Wednesday, 29 October 2014


CONFESSIONS of a lover in LOVE and DESPAIR

I wish i could just disappear through the night.

 have you ever felt driven away by something? swept off...? into freedom...?  like the wind that sweeps off scattered leaves on the ground...freeing them of stillness, yet binding them in its own swirling motion...

ah. what an agitating bound freedom.

 the music plays its unchanging harmony...only to prolong the feeling it had induced.

 lofty peaks raise a brow...

 the pull of the magnet...strong and wicked...or is it the meak iron?...fighting hard?
 words...mystical...conspicuous...you can choose...doesnt matter...coz the meaning lies not in them...

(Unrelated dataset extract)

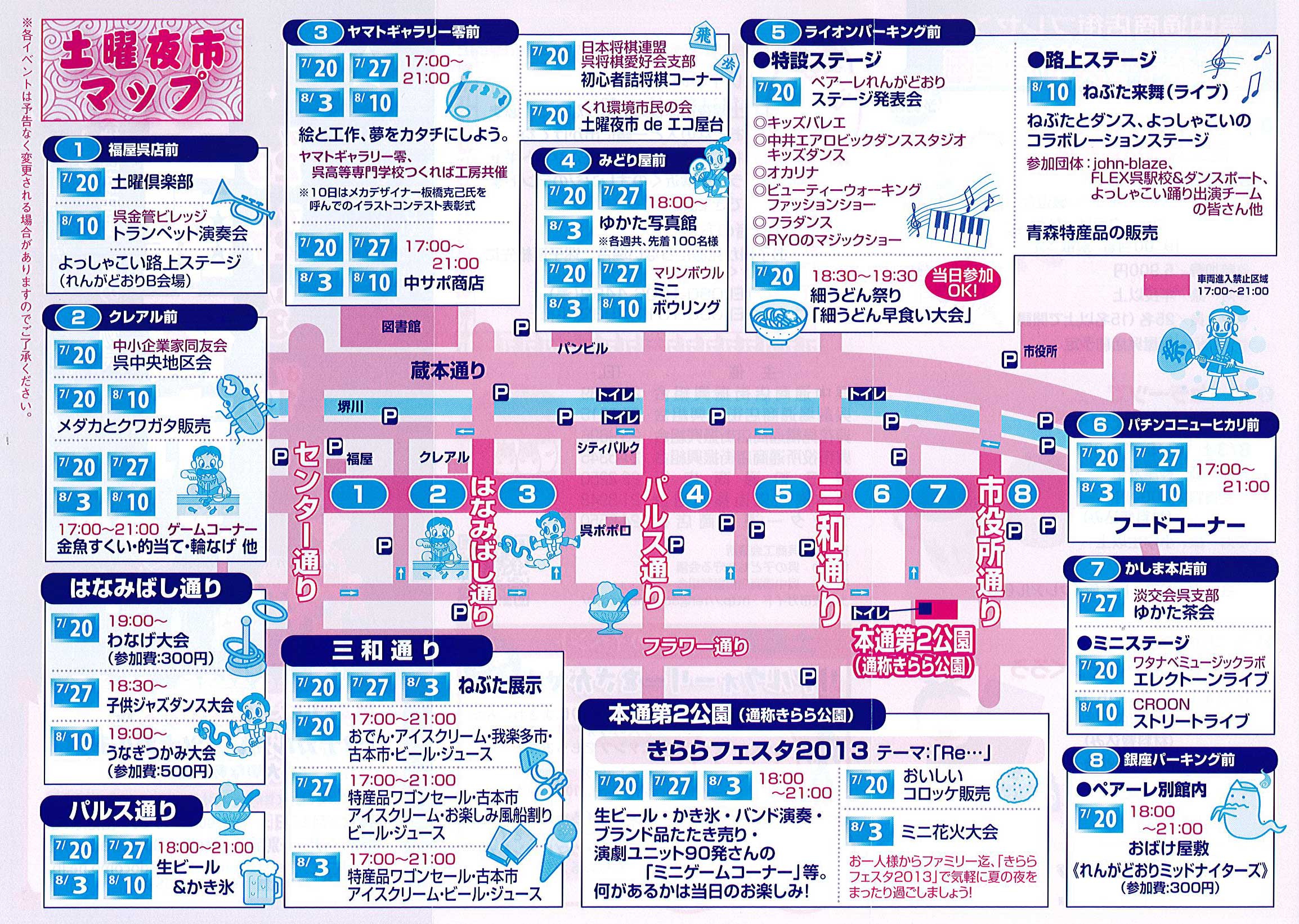 「ねぶた来舞(ライブ)」 2013年8月10日(土) 18:00~21:00 呉れんがどおり土曜夜市イベント (呉中通商店街とよっしゃこい祭運営委員会の共同イベント) 終了しました。 【出演チーム】 わくわくkids二川(呉市) くれ和組(呉市) 新星☆ゆずりはなるこ会(呉市) HOT華蓮(尾道市) 千福・紫琉海都(呉市) YAMATOくれびと(呉市)

a man threw a stone into the ocean.
stones drown...
his didnt.
it was the ocean. it chose to float the stone...or so the ocean believed...or so it all seemed.
the only truth was the man. and the honest throw...
ocean confused in its own gripping waters..tripping the stone.
the floating drowing stone. the sham.
o ocean. seek the man...peek into his soul...play not with the stone.

 seek the man!
 feel his soul...

Lover ...
 have you ever felt your heart go heavy....really heavy...with a force you fathomed was far beyond your capacity to mitigate?
 head tilted to an angle that doesnt change...
 eyes tired of a vision too intense to behold...
 lips quivering in the wake of a desire they thought had been lipped for good....
 o..the qualms of a wavering heart...
 the crippling effect.

Lover...
 behold me..i am that leaf swirling in the wind
feel me......i am the man throwing the stones...
kiss me...unlip.

the powerful constructions of the mind...
 the will to dig...
 the deeps...

 a man once lay on a tree...musing to himself...glaring at the sky...
along came a boy...he looked up and asked the man..."sir, what is love?"
the man, not withdrawing his gaze said, "love is an amalgamation of two souls.”

i wish i could disappear ....from your life...

 i....who feels strong when placed against you...weak when beside you.
 i wish i could disappear....somewhere you would never find me...
 you...a fantastic charisma my heart longs to own...have it for itself...all for itself...

i wish i dont wish this.
 like "energy" you pull...like gravity you allure...
 you...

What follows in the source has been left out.